Unfortunately, digitally signing isn't that easy.  If it was it wouldn't really mean anything because then anyone could sign anything in any way they want.  To digitally sign something you first have to purchase a digital certificate from one of the companies that provides them.  Below is a list of companies and the costs from a search I did a while ago.  When you apply for a certificate, they do some verification that you're a real company and provide the key that you can then use to sign your software.  The signature proves that the software came from you and hasn't been modified since it was signed.  My guess is that you'll want to put up with the warning.  As with all security software, it becomes another problem for the honest in an attempt to try and protect everyone from a few dishonest people.

 

Symantec

                1 year - $499

                2 years - $873 ($436.50/year)

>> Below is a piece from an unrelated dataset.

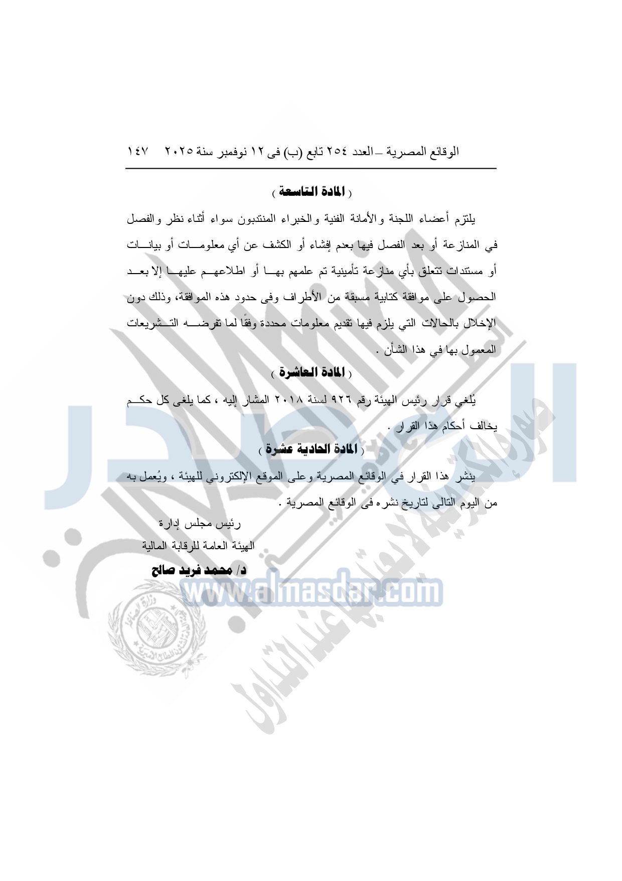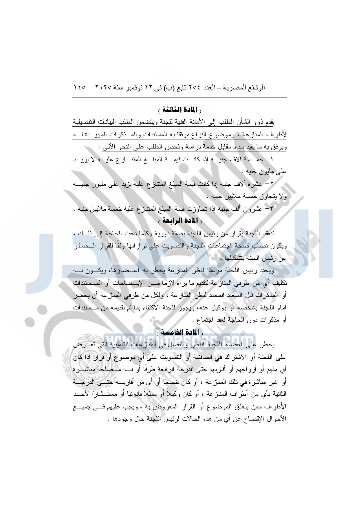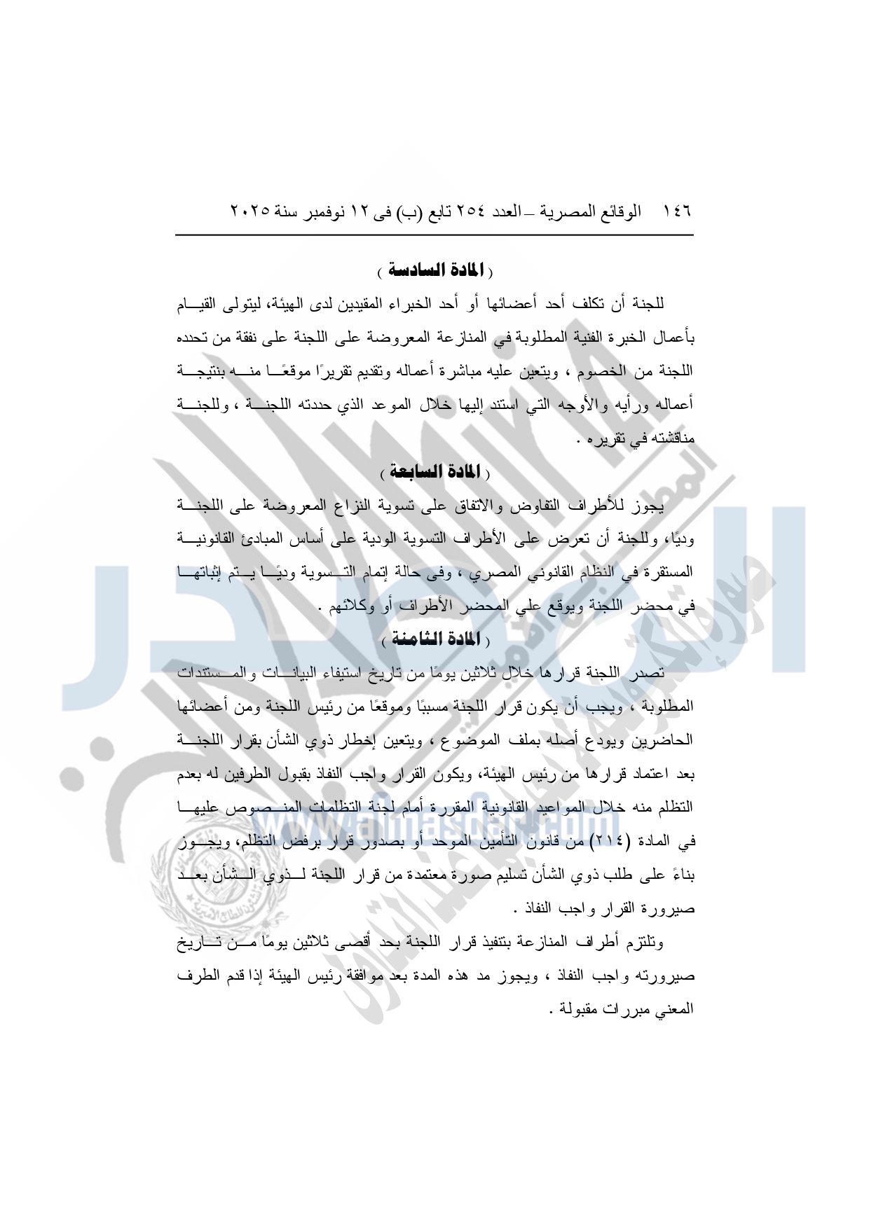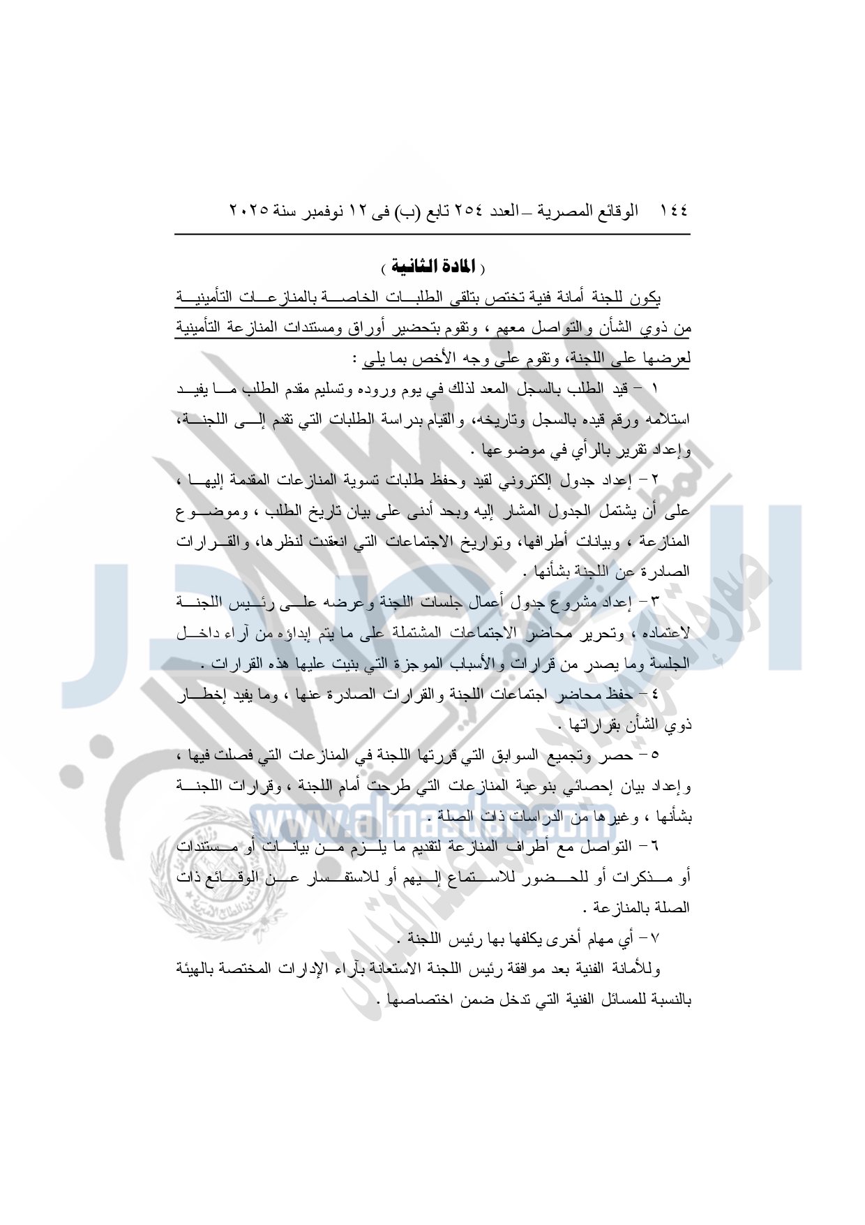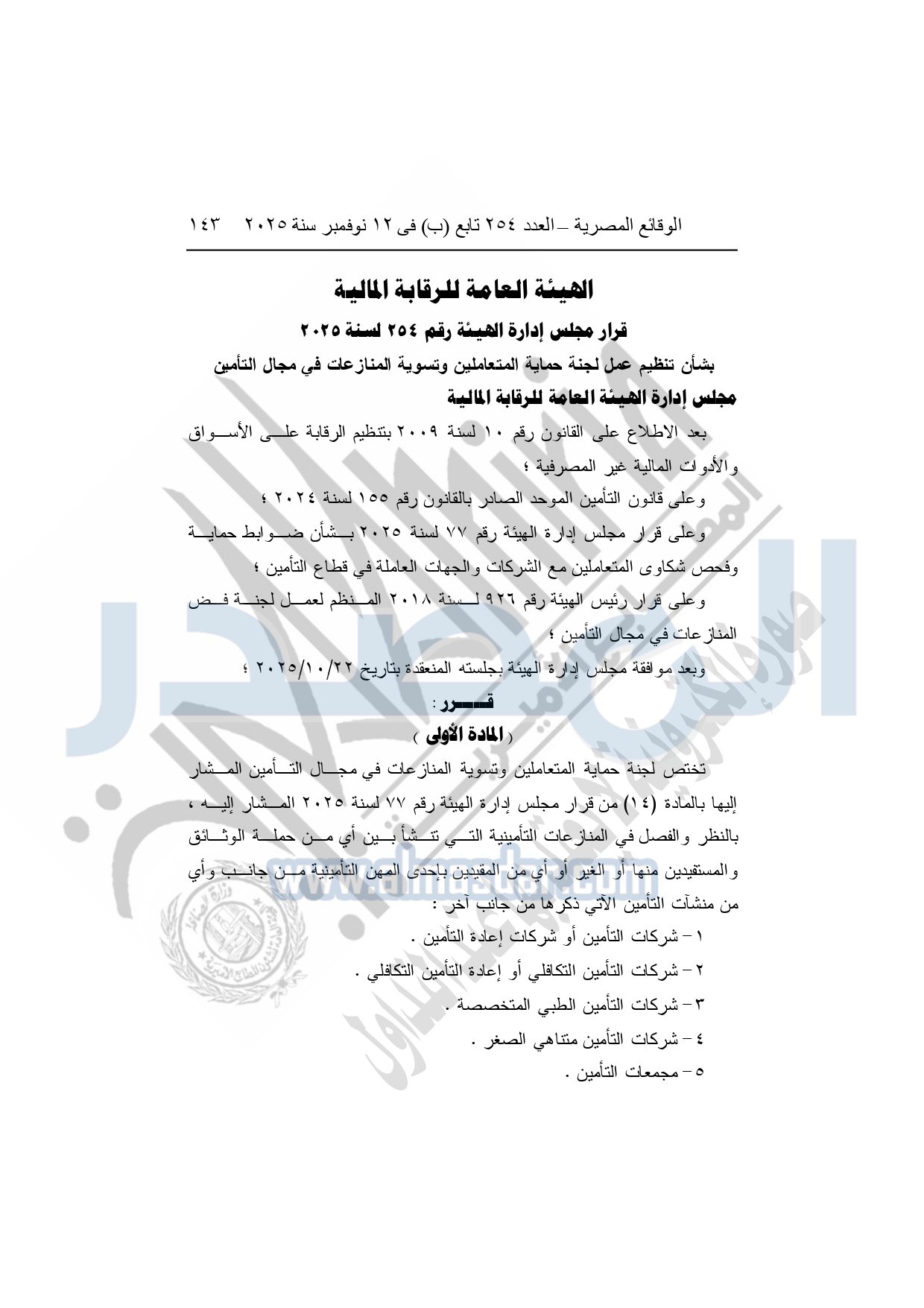 نشرت الوقائع المصرية في العدد 254 "تابع"، الصادر في 12 نوفمبر 2025، قرار الهيئة العامة للرقابة المالية، رقم 254 لسنة 2025، بشأن تنظيم عمل لجنة حماية المتعاملين وتسوية المنازعات في مجال التأمين.

                3 years - $1248 ($416/year)

 

GoDaddy

                1 year - $200

                2 years - $360 ($180/year)

                3 years - $510 ($170/year)

 

Digicert

                1 year - $223

                2 years - $396 ($198/year)

                3 years - $534 ($178/year)

               

Instant SSL

                1 year - $179

                2 years - $340 ($170/year)

                3 years - $501 ($167/year)

               

kSoftware

                1 year - $95

                2 years - $175 ($87.50/year)

                3 years - $245 ($81.66/year)

                5 years - $365 ($73/year)


Brian Ekins
Inventor and Fusion 360 API Expert
Mod the Machine blog
Message 3 of 15

dhaverstick
Advocate
Advocate
Accepted solution

I figured out how to do it.

 

1) I created a self-signed certificate using MakeCert.exe. Since the Inventor add-ins are only used internally, this was good enough.

2) I imported that certificate into my company's domain-wide group policy and made it effective for all authorized domain users. This was the part that I was having trouble with.

3) Signed my Inventor add-ins with the certificate.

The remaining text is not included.